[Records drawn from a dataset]

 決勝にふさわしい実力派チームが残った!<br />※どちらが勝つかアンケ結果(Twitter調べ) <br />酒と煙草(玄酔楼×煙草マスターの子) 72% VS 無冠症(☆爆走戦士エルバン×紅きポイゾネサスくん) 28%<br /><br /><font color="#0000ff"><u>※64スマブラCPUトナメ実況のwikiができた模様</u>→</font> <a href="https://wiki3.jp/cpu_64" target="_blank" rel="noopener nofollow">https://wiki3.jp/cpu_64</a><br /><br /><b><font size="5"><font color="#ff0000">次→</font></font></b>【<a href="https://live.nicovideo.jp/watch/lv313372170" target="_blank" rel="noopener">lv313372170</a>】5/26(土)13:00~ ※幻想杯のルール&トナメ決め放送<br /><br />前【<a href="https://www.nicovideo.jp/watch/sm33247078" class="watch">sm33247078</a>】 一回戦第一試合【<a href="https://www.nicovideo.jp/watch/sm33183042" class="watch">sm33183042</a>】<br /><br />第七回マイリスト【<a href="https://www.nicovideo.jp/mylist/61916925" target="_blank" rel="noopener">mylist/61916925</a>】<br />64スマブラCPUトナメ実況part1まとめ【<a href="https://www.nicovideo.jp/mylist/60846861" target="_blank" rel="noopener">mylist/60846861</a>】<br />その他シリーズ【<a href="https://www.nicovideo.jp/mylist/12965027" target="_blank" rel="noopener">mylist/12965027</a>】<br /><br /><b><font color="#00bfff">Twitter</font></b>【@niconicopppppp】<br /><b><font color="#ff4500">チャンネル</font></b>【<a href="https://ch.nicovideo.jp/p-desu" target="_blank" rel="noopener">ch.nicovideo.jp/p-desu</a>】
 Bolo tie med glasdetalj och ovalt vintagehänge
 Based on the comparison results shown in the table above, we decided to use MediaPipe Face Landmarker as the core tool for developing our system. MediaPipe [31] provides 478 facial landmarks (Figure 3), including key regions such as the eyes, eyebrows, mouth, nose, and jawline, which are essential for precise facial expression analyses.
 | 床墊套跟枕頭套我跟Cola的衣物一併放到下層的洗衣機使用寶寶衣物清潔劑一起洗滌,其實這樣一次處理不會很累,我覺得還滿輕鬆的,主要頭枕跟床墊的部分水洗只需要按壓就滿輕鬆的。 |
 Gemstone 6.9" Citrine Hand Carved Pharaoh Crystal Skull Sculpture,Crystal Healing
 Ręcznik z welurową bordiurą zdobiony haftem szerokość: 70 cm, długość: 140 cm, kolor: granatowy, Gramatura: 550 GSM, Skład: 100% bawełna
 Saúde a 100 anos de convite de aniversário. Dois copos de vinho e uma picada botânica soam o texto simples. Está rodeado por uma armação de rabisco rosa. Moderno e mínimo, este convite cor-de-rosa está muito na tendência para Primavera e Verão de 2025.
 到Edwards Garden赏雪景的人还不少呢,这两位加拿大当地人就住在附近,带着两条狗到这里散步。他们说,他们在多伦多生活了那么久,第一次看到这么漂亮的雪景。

**TASK DIRECTIONS:** Write out exactly the lines from the one containing "Skull Sculpture,Crystal Healing" through the end of the data, both included. Add nothing else.

**RESPONSE TO THE TASK:**
 Gemstone 6.9" Citrine Hand Carved Pharaoh Crystal Skull Sculpture,Crystal Healing
 Ręcznik z welurową bordiurą zdobiony haftem szerokość: 70 cm, długość: 140 cm, kolor: granatowy, Gramatura: 550 GSM, Skład: 100% bawełna
 Saúde a 100 anos de convite de aniversário. Dois copos de vinho e uma picada botânica soam o texto simples. Está rodeado por uma armação de rabisco rosa. Moderno e mínimo, este convite cor-de-rosa está muito na tendência para Primavera e Verão de 2025.
 到Edwards Garden赏雪景的人还不少呢,这两位加拿大当地人就住在附近,带着两条狗到这里散步。他们说,他们在多伦多生活了那么久,第一次看到这么漂亮的雪景。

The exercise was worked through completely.